In the spring of 1970, Dave King, the licensee of the "Westminster" Volkswagen dealership in New Westminster, B.C. approached me with the idea of my selling the camper to other VW dealers. There was, at the time, a real strain on getting Westfalia campers from VW. They were always in short supply to the extent that we never had any choice as to colour or options. We just took whatever they gave us. He had seen another camper set-up in a magazine (it was on the front cover in a forest setting). He then arranged for him to have the rights to produce this camper for Canada. The basic interior came from the USA factory (somewhere in California) I believe, and as memory serves me, here is the basic layout.

We began by using any new cargo van we could get our hands on, then we used window vans and finally sunroof models.

  1. A full length fibreglass roof that was tall enough in the centre that I at 6'2" would not hit my head on when I showed people the unit. Originally, we just used any van and cut the entire metal roof away and put on the fibreglass one.

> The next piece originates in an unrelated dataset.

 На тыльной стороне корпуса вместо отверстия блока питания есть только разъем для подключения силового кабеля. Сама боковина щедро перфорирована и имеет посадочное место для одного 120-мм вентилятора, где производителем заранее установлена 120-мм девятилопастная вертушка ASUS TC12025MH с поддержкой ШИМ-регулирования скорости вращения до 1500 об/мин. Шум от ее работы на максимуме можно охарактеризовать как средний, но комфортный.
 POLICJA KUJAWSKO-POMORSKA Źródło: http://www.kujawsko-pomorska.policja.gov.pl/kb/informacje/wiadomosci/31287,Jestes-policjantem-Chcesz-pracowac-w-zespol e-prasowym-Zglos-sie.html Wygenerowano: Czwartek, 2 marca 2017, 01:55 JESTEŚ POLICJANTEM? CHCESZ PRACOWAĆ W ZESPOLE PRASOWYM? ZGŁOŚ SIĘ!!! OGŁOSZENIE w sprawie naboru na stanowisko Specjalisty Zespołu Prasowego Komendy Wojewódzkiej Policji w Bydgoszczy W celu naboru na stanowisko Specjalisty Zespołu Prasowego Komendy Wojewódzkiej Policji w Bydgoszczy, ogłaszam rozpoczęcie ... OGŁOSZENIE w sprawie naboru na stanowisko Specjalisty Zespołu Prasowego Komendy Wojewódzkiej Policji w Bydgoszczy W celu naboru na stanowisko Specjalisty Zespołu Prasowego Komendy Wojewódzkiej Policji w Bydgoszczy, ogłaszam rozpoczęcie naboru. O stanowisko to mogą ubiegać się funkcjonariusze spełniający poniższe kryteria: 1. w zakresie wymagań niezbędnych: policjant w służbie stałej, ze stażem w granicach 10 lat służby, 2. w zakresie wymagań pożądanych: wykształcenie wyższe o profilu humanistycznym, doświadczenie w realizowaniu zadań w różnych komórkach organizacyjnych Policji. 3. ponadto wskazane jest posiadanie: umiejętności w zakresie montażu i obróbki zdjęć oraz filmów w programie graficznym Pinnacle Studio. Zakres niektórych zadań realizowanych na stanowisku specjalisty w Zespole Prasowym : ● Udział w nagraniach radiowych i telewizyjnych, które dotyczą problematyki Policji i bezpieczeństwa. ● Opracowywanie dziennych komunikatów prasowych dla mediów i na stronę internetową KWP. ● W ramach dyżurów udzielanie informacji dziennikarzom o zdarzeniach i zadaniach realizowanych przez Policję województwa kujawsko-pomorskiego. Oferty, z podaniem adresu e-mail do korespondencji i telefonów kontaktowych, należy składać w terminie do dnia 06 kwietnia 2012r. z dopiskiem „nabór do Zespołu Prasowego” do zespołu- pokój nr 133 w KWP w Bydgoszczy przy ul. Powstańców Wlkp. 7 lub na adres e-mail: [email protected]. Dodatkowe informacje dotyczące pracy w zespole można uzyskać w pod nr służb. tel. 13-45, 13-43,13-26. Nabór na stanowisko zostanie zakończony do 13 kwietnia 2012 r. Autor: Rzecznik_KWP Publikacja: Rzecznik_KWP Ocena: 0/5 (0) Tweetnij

We only did a few with roofs from the US, then we produced on own. Our first six or so units did not have any windows in the roof section, but after that, we started to install them as an option. They were just off the shelf RV units that we picked up in Vancouver. Small rectangles with a sliding window and screen. I think they sold for about $50.00 each side. The most I remember being put on is three (left, right and back) but it looked funny.

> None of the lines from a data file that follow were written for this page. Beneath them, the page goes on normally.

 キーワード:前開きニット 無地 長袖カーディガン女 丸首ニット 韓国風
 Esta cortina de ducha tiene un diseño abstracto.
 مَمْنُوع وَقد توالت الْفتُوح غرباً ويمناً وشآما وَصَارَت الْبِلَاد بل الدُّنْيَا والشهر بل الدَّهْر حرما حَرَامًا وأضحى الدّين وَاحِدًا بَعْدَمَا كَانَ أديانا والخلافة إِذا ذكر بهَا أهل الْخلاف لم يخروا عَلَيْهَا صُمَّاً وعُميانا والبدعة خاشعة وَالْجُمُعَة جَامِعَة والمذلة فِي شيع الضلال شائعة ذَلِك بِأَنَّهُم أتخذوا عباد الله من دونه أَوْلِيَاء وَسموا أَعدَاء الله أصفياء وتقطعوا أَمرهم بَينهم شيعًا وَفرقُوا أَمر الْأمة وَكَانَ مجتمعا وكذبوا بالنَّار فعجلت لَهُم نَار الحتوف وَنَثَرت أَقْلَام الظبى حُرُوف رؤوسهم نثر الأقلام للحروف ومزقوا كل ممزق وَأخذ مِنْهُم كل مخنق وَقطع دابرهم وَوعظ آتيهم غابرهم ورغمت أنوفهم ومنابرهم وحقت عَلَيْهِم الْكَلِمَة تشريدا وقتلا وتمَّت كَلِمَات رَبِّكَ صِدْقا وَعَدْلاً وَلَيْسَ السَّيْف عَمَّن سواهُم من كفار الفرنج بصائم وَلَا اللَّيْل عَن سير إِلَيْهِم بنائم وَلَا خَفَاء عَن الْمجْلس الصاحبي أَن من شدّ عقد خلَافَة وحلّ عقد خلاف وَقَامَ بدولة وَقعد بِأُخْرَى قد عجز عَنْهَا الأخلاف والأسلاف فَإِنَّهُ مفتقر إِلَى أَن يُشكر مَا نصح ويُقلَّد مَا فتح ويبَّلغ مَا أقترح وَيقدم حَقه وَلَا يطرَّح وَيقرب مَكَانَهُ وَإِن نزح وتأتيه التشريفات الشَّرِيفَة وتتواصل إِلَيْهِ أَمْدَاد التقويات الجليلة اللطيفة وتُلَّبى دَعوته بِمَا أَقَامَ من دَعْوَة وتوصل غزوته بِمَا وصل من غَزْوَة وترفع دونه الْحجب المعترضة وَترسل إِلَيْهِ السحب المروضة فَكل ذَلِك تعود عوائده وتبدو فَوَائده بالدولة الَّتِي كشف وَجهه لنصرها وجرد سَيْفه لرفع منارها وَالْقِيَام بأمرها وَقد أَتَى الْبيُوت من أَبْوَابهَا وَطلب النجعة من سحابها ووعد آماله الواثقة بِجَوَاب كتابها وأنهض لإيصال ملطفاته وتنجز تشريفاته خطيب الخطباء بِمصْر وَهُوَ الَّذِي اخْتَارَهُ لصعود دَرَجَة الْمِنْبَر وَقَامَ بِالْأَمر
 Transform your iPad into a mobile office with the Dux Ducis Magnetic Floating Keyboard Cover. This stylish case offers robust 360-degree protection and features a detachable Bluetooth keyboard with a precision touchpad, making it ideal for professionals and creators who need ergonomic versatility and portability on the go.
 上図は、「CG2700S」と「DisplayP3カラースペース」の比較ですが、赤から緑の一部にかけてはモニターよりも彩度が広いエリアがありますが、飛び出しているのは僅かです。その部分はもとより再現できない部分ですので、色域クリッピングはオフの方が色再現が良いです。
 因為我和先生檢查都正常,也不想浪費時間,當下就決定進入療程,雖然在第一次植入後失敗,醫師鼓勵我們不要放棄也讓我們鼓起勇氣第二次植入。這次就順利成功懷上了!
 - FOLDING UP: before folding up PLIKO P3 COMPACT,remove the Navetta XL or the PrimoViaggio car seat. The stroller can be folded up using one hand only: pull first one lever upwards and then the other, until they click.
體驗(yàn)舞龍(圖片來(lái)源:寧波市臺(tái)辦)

  2. In the front, between the headlights, we installed the spare tyre holder that we found we had to be careful with otherwise our holding screws cut through some electrical wires. The spare was wrapped in aluminium foil so that the tyre would not stain throughout the plastic cover. The cover only came in a creamy colour and had the Sundial logo on it in the centre.

  3. Dash changes were for an optional twin cup/change/kleenex holder made of pine wood and stained to a dark brown to match the door panels. It went on the dash by the radio. If by chance we needed up with a white door panel unit we just stained them with brown shoe polish...ah the expertise......other options for the dash was a pine shelf unit that fitted under the dash and it was also stained. I believe the holder was $8.00 and the shelf $20.00. We also installed a steering wheel cover to match the interior. It was made in Langley out of real cowhide and laced with stained gut. It sold for $5.00. We installed an Am/Fm radio with six pushbuttons and a longer antennae for $100.00 it came with two extra speakers we installed in the doors towards the bottom of the panel. The radio was a Blaupunkt but everything else was just off the shelf.

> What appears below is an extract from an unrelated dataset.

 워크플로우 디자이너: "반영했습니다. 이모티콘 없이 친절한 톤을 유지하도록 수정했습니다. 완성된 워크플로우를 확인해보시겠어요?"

  4. The front seats were standard but we slipped over them a vinyl cover to match the interior. Sometimes, we charged for the seat covers but I do not remember what that was. And behind the driver's seat we had an optional head rest that sold for $20.00. It was just using up odds and ends of the vinyl but we sold almost all of the units with it. They varied in size but basically were a rectangle.

  5. There are two other things I think I should mention. We installed a vinyl floor that went from front to back. I mean we took up everything and set this vinyl flooring down...glued it down good, too. Then, we sold floor mats and the carpeting as options. Second, we insulated everything everywhere. Sometimes, we got so carried away that you could hardly roll down the windows but it was warm in the Winter...especially since all units had to have the gas heater/furnace.

  6. Over the front seats, we installed hooks for the two pieces of pipe and canvas cot that was standard. We sold the units as capable of sleeping six, two up top, two on the cot, and two in the double bed.

  7. The curtains were installed using the same old push buttons as the Westfalia, except ours were bright and flowery. They came from the US and were marked "Made in India". They were much lighter in weight and in bright sunlight were almost see-through. They were hung by using the thin brown bungie cord instead of a top rail and snaps only on the bottom.